Gambia, negara kecil di Afrika Barat, telah melancarkan kasus terhadap Myanmar di Mahkamah Pidana Internasional (ICC), pengadilan tertinggi PBB. Gambia menuduh Myanmar telah melanggar Konvensi Jenewa 1948.
Suu Kyi, pemimpin politik tertinggi di Myanmar, mengejutkan pengritik dan menghimpun pendukung di dalam negeri dengan pergi ke Den Haag, Belanda, untuk memimpin delegasi negerinya. Kantornya mengatakan ia akan membela kepentingan nasional.
Suu Kyi mendengarkan dengan tenang pada Selasa (10/12), saat pengacara pihak Gambia merinci kesaksian grafis mengenai penderitaan orang Rohingya di tangan militer Myanmar. Dalam tiga hari proses dengar pendapat pekan ini, para hakim mendengarkan tahap pertama kasus tersebut.
Walaupun Suu Kyi belum mengungkapkan perincian pembelaan pemerintahnya, dia dan tim hukumnya direncanakan menyampaikan pendapat bahwa pengadilan tersebut kekurangan jurisdiksi. Ia juga akan menyatakan pemusnahan suku tidak terjadi di Myanmar.
Gambia telah berargumentasi bahwa berdasarkan Konvensi 1948 setiap negara wajib mencegah terjadinya pemusnahan suku. Gambia mendapat dukungan politik dari Organisasi Kerja Sama Islam serta beberapa negara Barat termasuk Kanada dan Belanda.
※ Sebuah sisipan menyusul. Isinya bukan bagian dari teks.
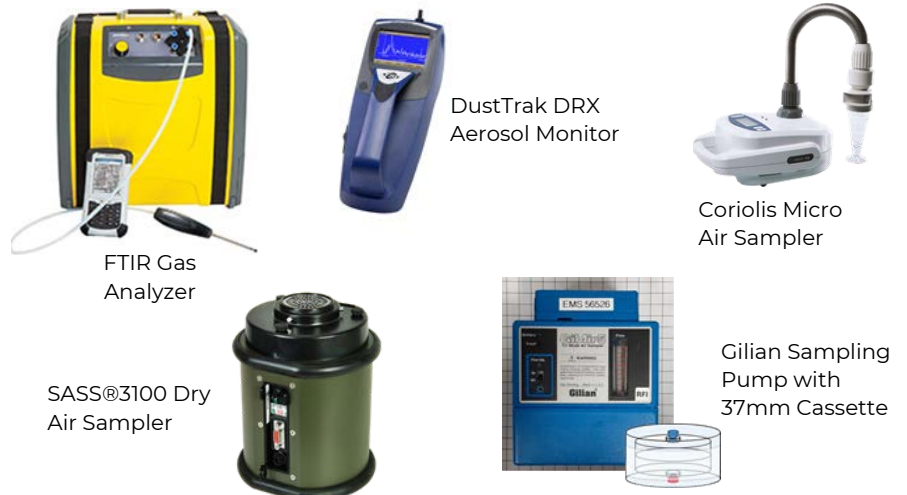
Figure 4: Sampling and analysis equipment

Barns were selected in the south of the province of Quebec with mechanical ventilation systems and a similar number of hens. Samples were collected in the fall of 2020 and winter of 2021. Specialized sampling and analysis equipment was used to measure gas emissions as well as dust and bioaerosol concentrations (Figure 4).

Lebih dari 730 ribu orang Rohingya menyelamatkan diri dari Myanmar setelah militer melancarkan penindasan di Negara Bagian Rakhine, Myanmar Barat, pada Agustus 2017. Kebanyakan dari mereka sekarang tinggal di kamp pengungsi padat penghuni di Bangladesh.
Myanmar berargumentasi operasi pembersihan militer di Rakhine adalah reaksi sah untuk menindas terorisme dan tentaranya telah bertindak secara layak. Walaupun misi pencari fakta PBB mendapati bahwa kejahatan besar berdasarkan hukum internasional telah dilakukan di Myanmar dan menyerukan pengadilan pemusnahan suku, tak ada pengadilan yang memiliki bukti yang memberatkan dan menetapkan pemusnahan suku di Myanmar.
Ketika ditanya mengenai kemungkinan Suu Kyi dapat dengan tegas membantah kejahatan telah terjadi di Myanmar, Menteri Kehakiman Gambia, Abubacarr Tambadou, mengatakan di luar pengadilan pada Senin (9/12) bahwa akan sangat mengecewakan jika Suu Kyi melakukan itu lagi.